Re: [Autotest] [KVM-AUTOTEST] KSM-overcommit test v.2 (python version)

Lukáš Doktor <ldoktor@xxxxxxxxxx> · Tue, 01 Dec 2009 13:23:23 +0100

Dne 29.11.2009 17:17, Dor Laor napsal(a):
On 11/26/2009 12:11 PM, Lukáš Doktor wrote:
Hello Dor,

Thank you for your review. I have few questions about your comments:

----------- snip -----------
+ stat += "Guests memsh = {"
+ for vm in lvms:
+ if vm.is_dead():
+ logging.info("Trying to get informations of death VM: %s"
+ % vm.name)
+ continue

You can fail the entire test. Afterwards it will be hard to find the
issue.

Well if it's what the community wants, we can change it. We just didn't
want to lose information about the rest of the systems. Perhaps we can
set some DIE flag and after collecting all statistics raise an Error.

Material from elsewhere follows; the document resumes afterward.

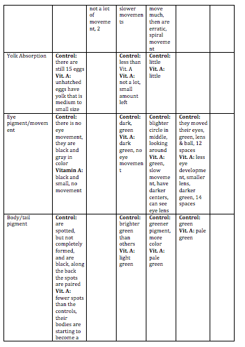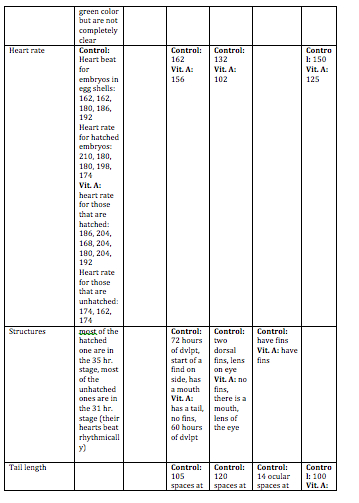 Discussion: The heart rate was not measured everyday because it was very hard to observe. Swimming was not recorded everyday because this did not change drastically everyday. Hatching was not observed after Day 5 because they were all hatched by then. Overall, the zebrafish in the Vitamin A were paler in color to the control ones. They did not develop as fast as the control group. The eyes of the Vitamin A group did not develop as much as the controls. In the fixed samples, the eyes were leaking out of the sockets. The tails of the Vitamin A group were smaller, and bent. This caused these zebrafish to move in an erratic spiral as opposed to the control ones who moved the tail side-to-side in order to move. This also caused them to move slower, and they rarely moved. For humans, this means that too much Vitamin A could result in eye deformation, deformation of other body parts, and development could be slowed. This could also result in motor reactions be slower. One limitation of this experiment was that it was very hard to examine the heart rate of the zebrafish. In order to get rid of this, they could be examined at a higher power, and there could be a timer to time the heart rate for a certain amount of time. These zebrafish could be observed for a longer time period in order to collect more data on them. A mammalian animal could also be tested to see if the same results are produced.

I don't think we need to continue testing if some thing as basic as VM
died upon us.
OK, we are going to change this.

----------- snip -----------
+ def get_true_pid(vm):
+ pid = vm.process.get_pid()
+ for i in range(1,10):
+ pid = pid + 1

What are you trying to do here? It's seems like a nasty hack that might
fail on load.

qemu has -pifile option. It works fine.

Oh my, I haven't thought on this. Of course I'm going to use -pidfile 
instead of this silly thing...

Yes and I'm really sorry for this ugly hack. The qemu command has
changed since the first patch was made. Nowadays the "vm.pid" returns
PID of the command itself, not the actual qemu process.
We need to have the PID of the actual qemu process, which is executed by
the command with PID "vm.pid". That's why first I try finding the qemu
process as the following "vm.pid" PID. I haven't found another solution
yet (in case we don't want to change the qemu command back in the
framework).
We have tested this solution under heavy process load and either first
or second part always finds the right value.

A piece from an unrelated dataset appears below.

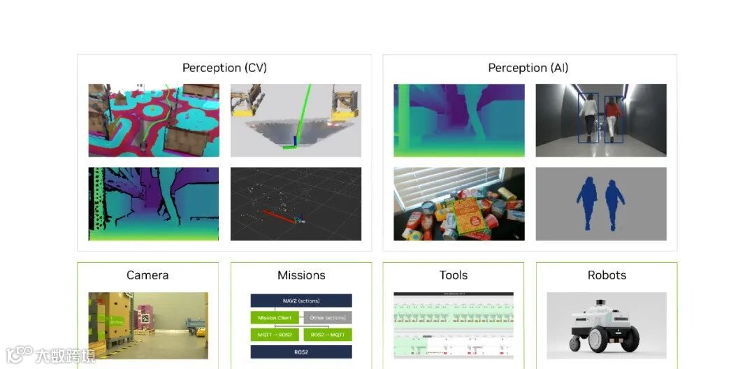 NVIDIA Isaac Perceptor:一个用于机器人感知的模块,集成了先进的视觉和传感器技术,帮助机器人获取和理解环境信息。

----------- snip -----------
+ if (params['ksm_test_size'] == "paralel") :
+ vmsc = 1
+ overcommit = 1
+ mem = host_mem
+ # 32bit system adjustment
+ if not params['image_name'].endswith("64"):
+ logging.debug("Probably i386 guest architecture, "\
+ "max allocator mem = 2G")

Better not to relay on the guest name. You can test percentage of the
guest mem.

What do you mean by "percentage of the guest mem"? This adjustment is
made because the maximum memory for 1 process in 32 bit OS is 2GB.
Testing of the 'image_name' showed to be most reliable method we found.

It's not that important but it should be a convention of kvm autotest.
If that's acceptable, fine, otherwise, each VM will define it in the
config file

Yes kvm-autotest definitely need a way to decide whether this is 32 or 
64 bit guest. I'll send a separate email to KVM-autotest mailing list to 
let others express their opinions.

----------- snip -----------
+ # Guest can have more than 2G but kvm mem + 1MB (allocator itself)
+ # can't
+ if (host_mem> 2048):
+ mem = 2047
+
+
+ if os.popen("uname -i").readline().startswith("i386"):
+ logging.debug("Host is i386 architecture, max guest mem is 2G")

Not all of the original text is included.